American Jew |
I first traveled to Israel more than 40 years ago, returning ebullient, as if I had just discovered a missing piece of my identity.
With a group of young, Jewish leaders from across the United States, we journeyed from Poland to Israel, from darkness to light, from the deep shadows of the Holocaust to the shining miracle of the Jewish state.
I will never forget the intense sweetness of the first sip of orange juice offered as we arrived in Jerusalem nor the warmth and brightness of the sun.
From darkness to light, indeed.
Later, as I sought to process the intensity of the experience, I wrote how it challenged my perception of who I was, how I perceived myself, a Jew or an American?
It was years before I studied Jewish identity construction, years before I read sociologist Sylvia Barack Fishman’s apt description of dual identity as “negotiating both sides of the hyphen.”
But I became much more aware of the hyphen, and my own self definition, plumbing it further, was I an American Jew or a Jewish American?
I recall those words, that conundrum, with a heaviness now, as I quietly celebrate a war that seeks to dispel a looming existential threat to the safety and security – the very existence – of a state I have come to love, and its partnership with the country that I also love deeply, and beyond measure, that I call home.
It opened its doors to my four grandparents when they fled pogroms and persecution, in Eastern Europe and beyond, places that later were caught in the grip of Hitler’s deluded plan to exterminate the Jews, years before Theodore Herzl’s dream of a Jewish state, a refuge, a haven of safety and security, for Jews became even a faint possibility.
And now, the Jewish state is a super power in the Middle East with amazing technological, scientific, economic advancement, and an unrivaled military seeking to destroy Iran, the evil empire, that not only declares its intent to annihilate Israel, but its ally, the United States, as well.
Death to Israel, Death to America, chant the mullahs.
And, this after the horror of 10/7, when the hatred for Israel, for Jews, erupted with unimagined brutality unleashing virulent antisemitism world wide, including the US.
But, as Operation Epic Fury goes on, as the human toll grows, as Israelis live with a constant barrage of missiles, sirens hurrying them to safe rooms, and as America puts its troops in harm’s way, spends billions of dollars in support of the effort, many Americans question their president’s decision to go to war, endangering not only human lives but American families, struggling with inflation, rising costs at the gas pump and the grocery, and diminished government services.
How to reconcile the need to protect Israel from the terrorists who seek to destroy it, and how to reconcile American support in that effort with the huge cost it exacts from its citizens?
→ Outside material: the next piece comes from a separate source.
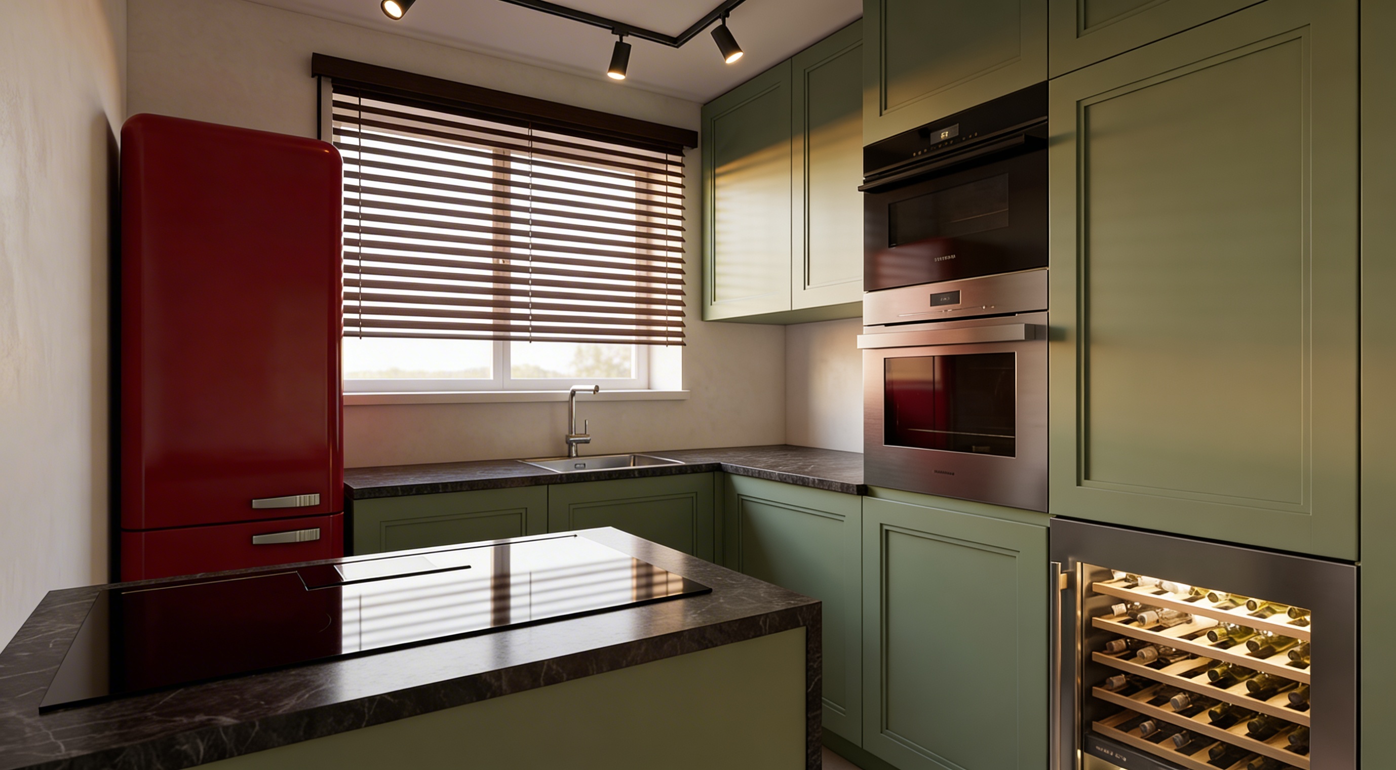 natural daylight from the left window turn on the 2 wall light and add led in the niche cabinet do not add anything to the cabinets add 4 5 down lights to create a cosy setting
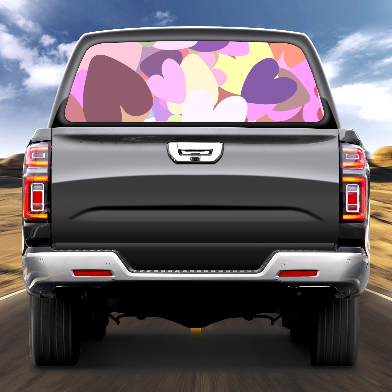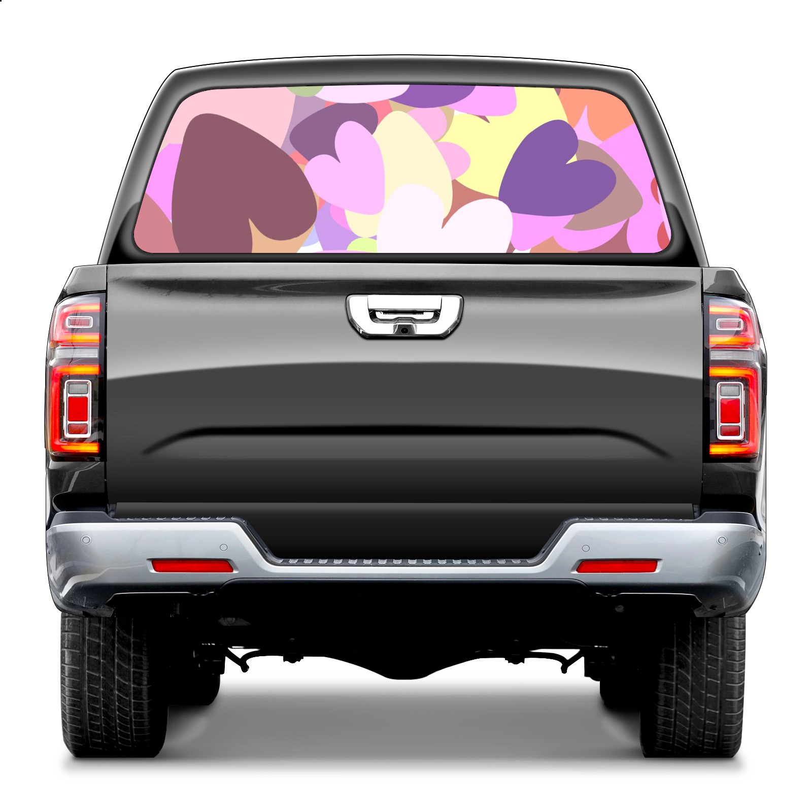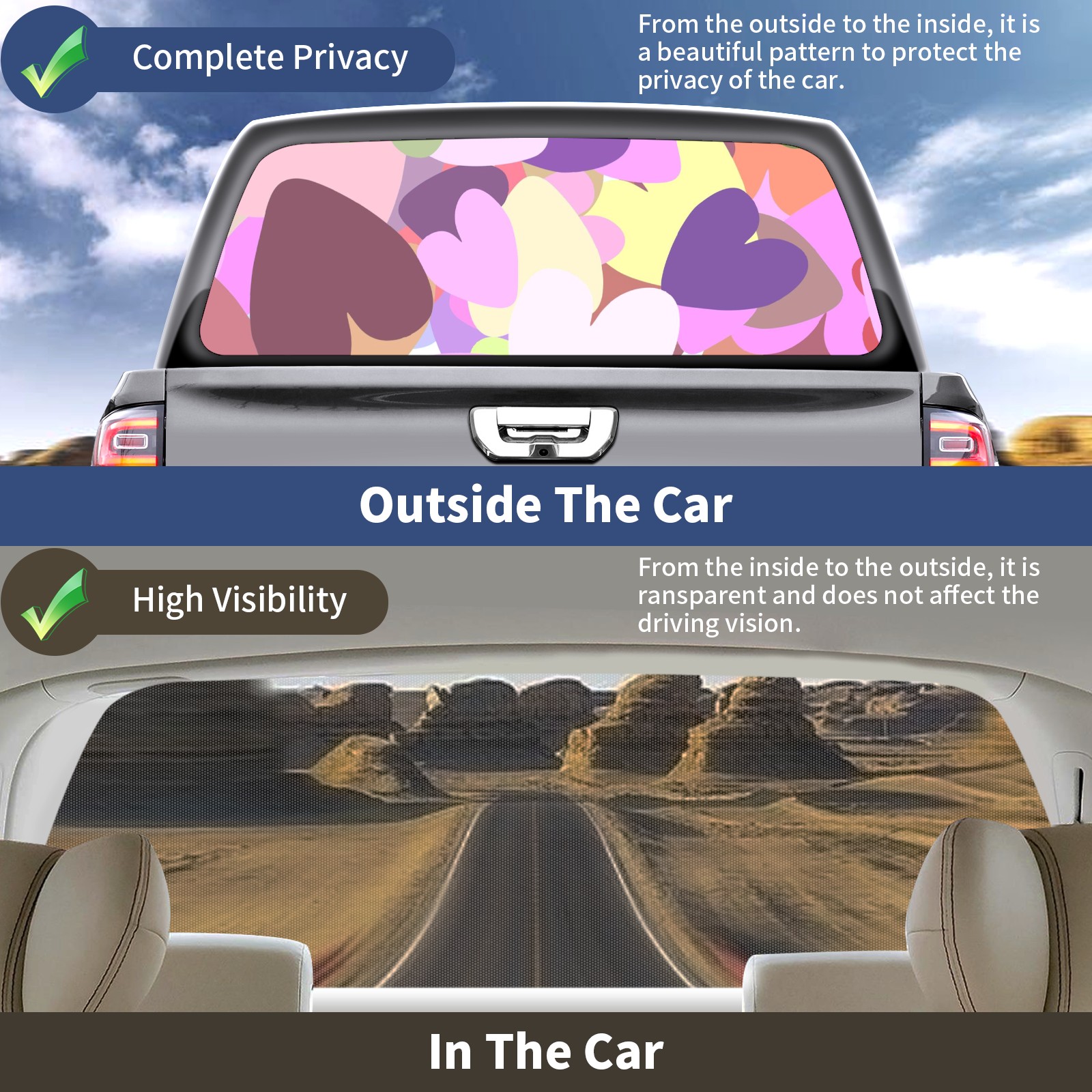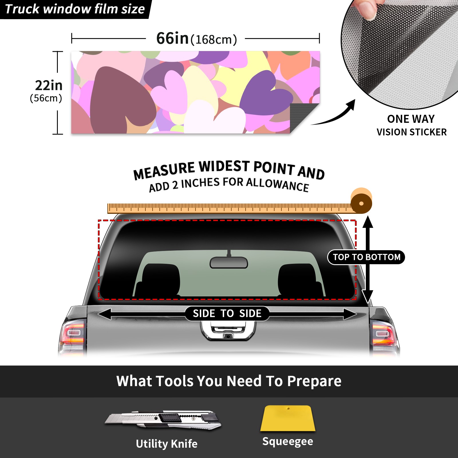 Truck Rear Window Graphics Decals Pickup Trucks Back Window Sticker Full Window Film Decal One Way Visual Waterproof Car Rear Tint Heart 2

And how to continue to back the leadership of its duly elected president who daily undermines the foundational values of our republic, rule of law, legislative power and judicial independence? And how to ensure the protection of those fundamental rights, the bedrock of our democracy?
How to be fervently Jewish and fervently American. And how to be true to myself.
And so, especially during the last days of Passover, with the tenuous prospect of a ceasefire, I find comfort in the Jewish values the holiday teaches of the preciousness of freedom and its sacred responsibilities, of the obligation to remember, to welcome the stranger, to care for those in need, to act with kindness, compassion, generosity.
And those innately American ideals of freedom, equality, justice that remain the foundation of our republic.
And how each informs the other, how each informs who I am, grateful for both.
As a Jew, as an American, that our values will sustain us, bringing more light, less darkness, more love and less hate, more good and less evil, more hope and less despair, an end of war and a world at peace.